» Task details
What are the lines, word for word, from the line with "Bu erkek mastürbatörü, 7" up to and including the line with "Pensando nessas pessoas, foi" in the records below? Omit the pictures.

═══ Input data ═══

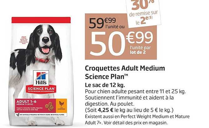 Les croquettes Adult Medium Science Plan™ se présentent en sacs de 12 kg et sont élaborées à partir de poulet savoureux. Leur texture est conçue pour favoriser une mastication optimale, garantissant ainsi une meilleure assimilation des nutriments. De plus, elles sont disponibles en versions Perfect Weight Medium et Mature Adult 7+ pour s'adapter à tous les besoins nutritionnels.
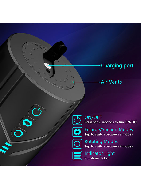 Bu erkek mastürbatörü, 7 dönüş modu ve 7 emme modunu bir arada sunar. İki fonksiyon ayrı ayrı kontrol edilir ancak birlikte çalışır; dönüş fonksiyonu, 3 boyutlu dokulu iç kesesinin dönmesini sağlayarak penis başını farklı hızlarda uyarır. Farklı seviyelerde oral emme deneyimini simüle ederek, boşalana kadar yoğun bir zevk sağlar.
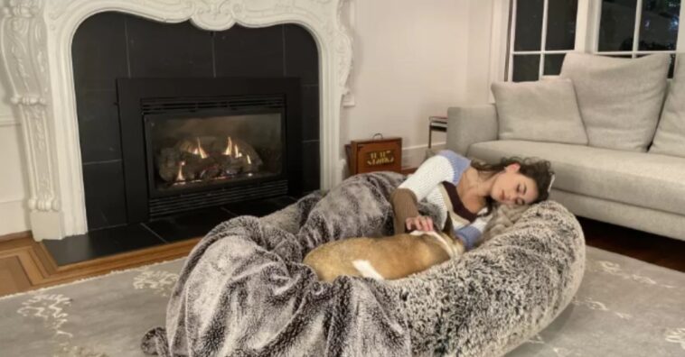 Pensando nessas pessoas, foi criada uma cama para pets que tem um tamanho suficiente para que um humano possa se aninhar com seu animalzinho e tirar um cochilo.
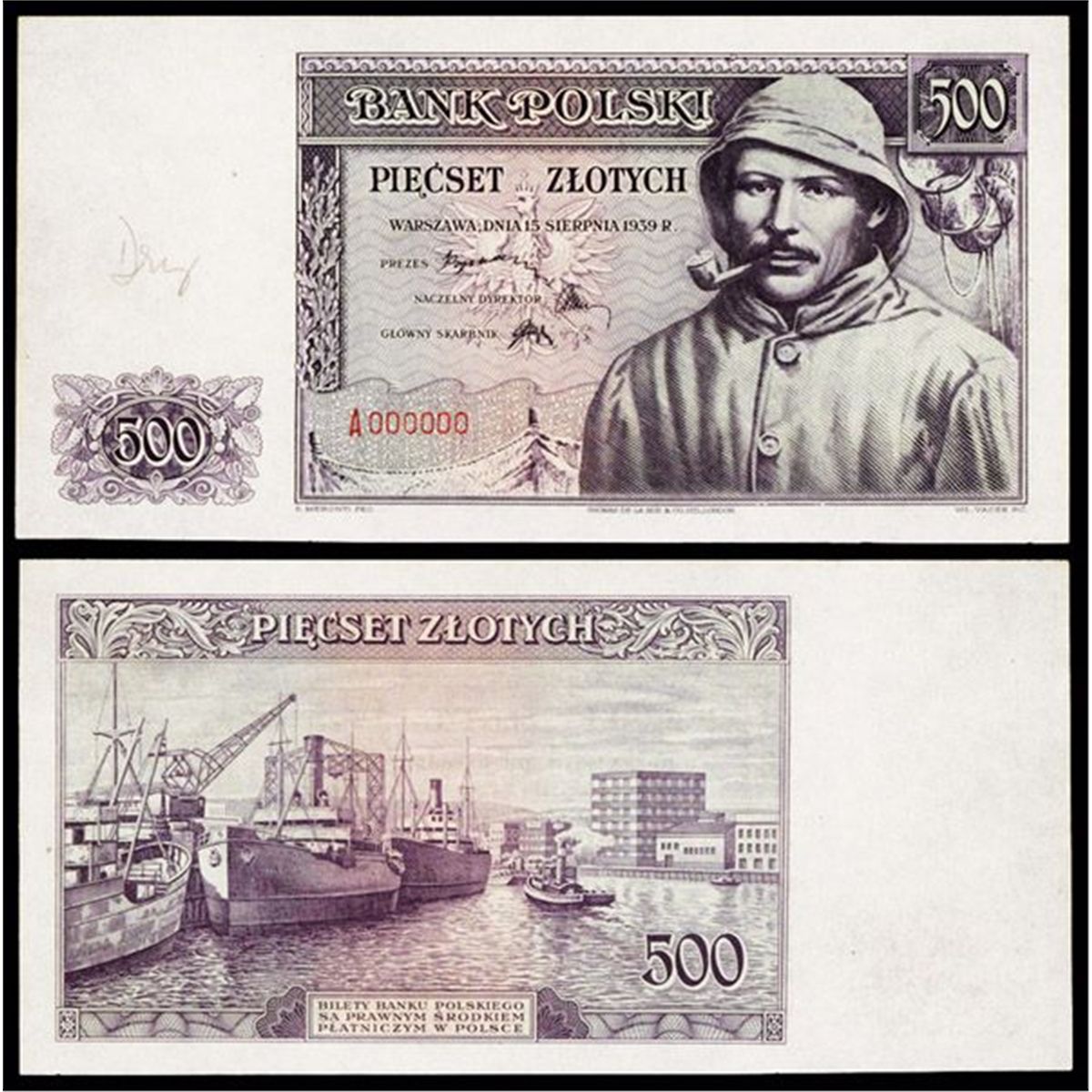 Warsaw, Poland, 15 Sierpnia 1939 R., 500 Zlotych, P-86 (Not issued) Specimen banknote, Sailor with pipe on right, purple on m/c, back purple with harbor scene with steamships, S/N A000000 in red, One very light internal fold keeps this Choice AU-Uncirculated note from Choice Uncirculated condition, Archival notation on left counterfoil area written in pencil -DRY- possibly referring to the printing method or paper condition used to print the note, TDLR.
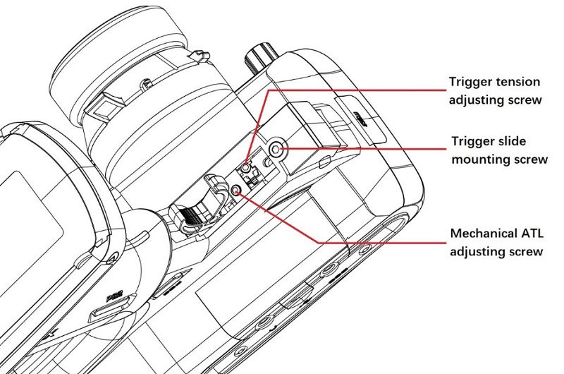 Adjustment steps: Using a 2.0mm hex wrench, loosen the trigger slide mounting screw (2.0mm) by turning it slightly counterclockwise. If the trigger slide screw is turned too much, the screw may fall out.
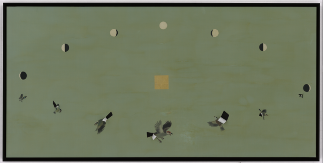 被中国美术馆收藏的《五星联珠》这件作品的艺术语言非常综合,媒材也非常复杂。“2016年1月,夜空中出现五颗行星和满月连成一线的罕见天象。这期间我也持续多日观察并拍摄了此天象,文字记录了天象发生的全过程。因为知道‘五星联珠’的天象在古代天文学中意义重要,就想以此为主题创作一件作品。这件作品被中国美术馆收藏,对我来说是备受鼓舞的。虽然这件作品因为在形式创新上,得到的评价褒贬不一。”
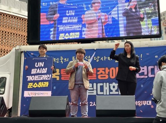 이날 전국탈시설장애인연대 창립대회를 위해 모인 장애인들은 ‘탈시설 과정에 당사자 참여를 보장하라!’ ‘UN 탈시설 가이드라인 준수하라!’ 등 구호를 외치며 탈시설을 위한 장애인들의 연대와 의지를 드러냈다.
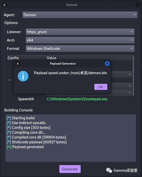 接着点击Attack - Payload选择Windows Shellcode,点击Generate将shellcode保存
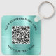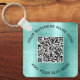 Elegant promotional keychain for your business or organization with a light mint green faux brushed metallic background. Add your QR code or logo and two lines of customized text, such as your company name, slogan, thank you, or leave blank.
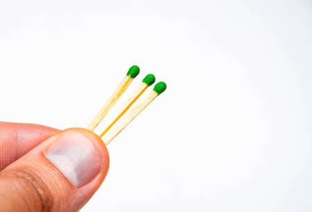 Wooden little matches with a green head. The male hand holds three matches in the hand evenly and at an angle, first-person view
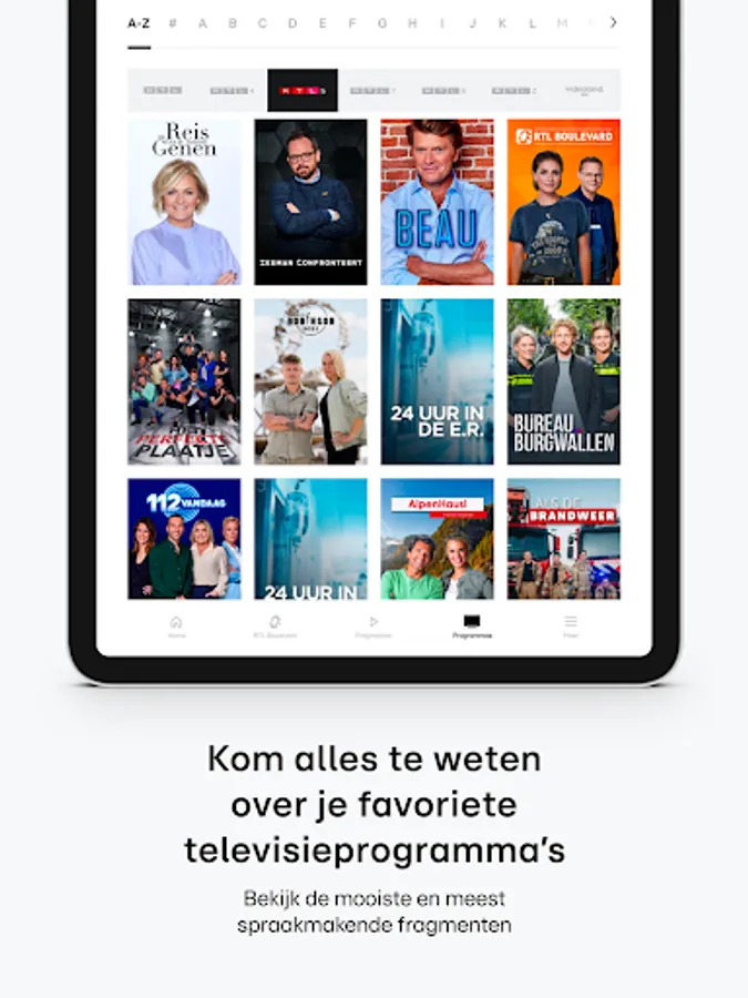 New! The RTL app. The place to experience entertainment and be inspired. Find out everything about our programs and snack on the nicest, most beautiful and most talked-about fragments. Follow the latest entertainment and lifestyle news. Discover everything in the field of living, sports and more.

═══

» Task response
 Bu erkek mastürbatörü, 7 dönüş modu ve 7 emme modunu bir arada sunar. İki fonksiyon ayrı ayrı kontrol edilir ancak birlikte çalışır; dönüş fonksiyonu, 3 boyutlu dokulu iç kesesinin dönmesini sağlayarak penis başını farklı hızlarda uyarır. Farklı seviyelerde oral emme deneyimini simüle ederek, boşalana kadar yoğun bir zevk sağlar.
 Pensando nessas pessoas, foi criada uma cama para pets que tem um tamanho suficiente para que um humano possa se aninhar com seu animalzinho e tirar um cochilo.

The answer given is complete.